Майя повернула голову и посмотрела на Аарне. Глаза ее были так близко, что все расплывалось. Он видел лишь огромный мир, но такой чужой и далекий… В голосе Майи звучала грусть.

— Впереди такая длинная зима…

Они замолчали. Беззвучно дрожало пламя. Где-то наверху, в голых ветвях свистел ветер. Аарне медленно произнес:

— Слушай, а почему ты больше не рисуешь?

Майя опустила голову, Аарне теперь не видел ее лица.

— Скажи…

Девушка, не поднимая головы, прошептала:

— Я не умею…

— Откуда ты знаешь?

— Я не умею, — сказала Майя. — Я никогда ничего не умела… — Она улыбнулась и подняла голову. — Знаешь, я завидую тебе!

— Мне?

— Да. Ты столько знаешь всего.

— Это ерунда.

Майя грустно улыбнулась.

— А у меня нет и этого…

— Ты будешь рисовать!

Девушка вздрогнула и покачала головой.

— Ты что, не веришь в себя?

— Наверное, нет. Я не знаю. Иногда верю.

— Когда?

Она еще сильнее прижалась к Аарне и, закрыв глаза, прошептала: — Ты и сам понимаешь, когда!..

Но Аарне не успокоился. Он сжал ее голову ладонями и заставил посмотреть себе в глаза.

— Скажи, ты веришь хотя бы в то, что я могу тебя заставить поверить в себя?

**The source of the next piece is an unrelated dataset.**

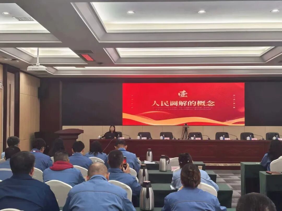 活动最后,依托青山区“党校+调解”学院开展业务培训,由青山镇司法所负责人刘俊婷为全体调解员授课。培训内容紧密结合企业实际,聚焦人民调解流程、常见矛盾纠纷类型、调解技巧等,旨在快速提升调解员的实务操作能力,为调委会后续有效运作奠定坚实基础。

— Прекратим этот разговор.

— Нет! — закричал вдруг Аарне. — Нет! Не прекратим! Скажи, веришь ты мне или нет?

— Да.

— Тогда ты и в себя должна поверить! — Аарне потряс Майю за плечи. — Черт возьми! В жизни каждого человека должен быть смысл. Скажи, в чем ты видишь смысл жизни?

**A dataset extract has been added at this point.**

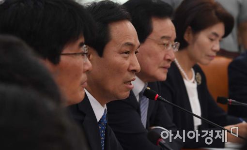 [아시아경제 백소아 기자] 9일 서울 영등포구 국회의사당에서 열린 더불어민주당 원내대책회의에서 우상호 원내대표(왼쪽 두번째)가 발언하고 있다. 이날 우 원내대표는 더민주 초선의원의 사드문제 관련 방중을 비판한 박근혜 대통령에 대해 강도 높은 비난을 퍼부었다.

Девушка ответила совершенно искренне:

— Я никогда не думала об этом.

— Об этом надо думать! Ведь надо же во что-то верить! Сейчас я это понимаю. Иногда я спорю с Андо, он говорит, что жизнь все равно кончится, что мы должны жить разумно и практично. Я, конечно, не знаю, возможно, мои слова — лишь пустая болтовня… Но об этом Андо писал в одном из своих рассказов: «Мы больше ни во что не верим, веру отняли у нас, у нас отняли способность верить». Ну разве можно так писать?

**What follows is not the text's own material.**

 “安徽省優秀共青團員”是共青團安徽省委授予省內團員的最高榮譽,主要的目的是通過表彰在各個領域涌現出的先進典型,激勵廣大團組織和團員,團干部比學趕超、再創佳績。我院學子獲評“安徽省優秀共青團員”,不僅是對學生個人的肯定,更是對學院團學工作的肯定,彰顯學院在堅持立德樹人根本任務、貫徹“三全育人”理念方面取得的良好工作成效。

— Но если он действительно не верит?

— Как он может ни во что не верить? Ведь он же ходит по земле. Мы все во что-то верим. Знаешь, я иногда иду по улице и вдруг мне начинает казаться, что я всех люблю. Птицы поют, деревья пахнут смолой. Грязь налипает на ботинки. Мы едим, пьем, спим… Черт побери! Ты живешь, а если ты живешь, то пойми, ты обязан верить!

— Во что?

— Ты пойми меня правильно. Мне кажется, что если ты веришь в жизнь, веришь в людей, то ты поверишь и в будущее… Знаешь, я верю! Эх, черт возьми, если бы я мог, я бы все сделал!

— Почему же ты не можешь?

Аарне замолчал, устало зевнул и вздохнул.

— Вот видишь, — продолжал он совсем другим тоном, — в великих делах я разбираюсь, а в том, что происходит каждый день, — нет. Я — нуль, понимаешь? Завтра я не смогу ничего сделать, хотя отлично представляю, что нужно делать через сорок лет. Но одну вещь я знаю.

— Какую?

— У меня есть очень хорошая знакомая — Эста Лийгер, художница. Слышала? Завтра мы пойдем к ней. Ты возьмешь с собою все, что у тебя нарисовано.

— Я… я боюсь. У меня ничего нет.

— Все равно пойдешь.

— Я ничего не умею.

— Если ты меня любишь, то пойдешь.

Опять. Парень, ты что, забыл, что в «Хозяине Кырбоя» про любовь не говорят ни слова?

Предновогодний вечер

«ДОРОГАЯ МАЙЯ…»

На скатерть капнула свеча. Ларне был дома. Темные окна залепил снег. Маленький поселок замела метель…

«Майя, я сейчас так одинок. В соседней комнате спит мама. Зачем-то я зажег свечу. Наверное, для того, чтобы порисоваться перед самим собой. Может быть, это театр с типичными декорациями для мелодрамы. Да, мама спит. А полчаса тому назад она плакала. Я не знаю, что делать. Она плакала. Пожалуйста, не волнуйся ни о чем».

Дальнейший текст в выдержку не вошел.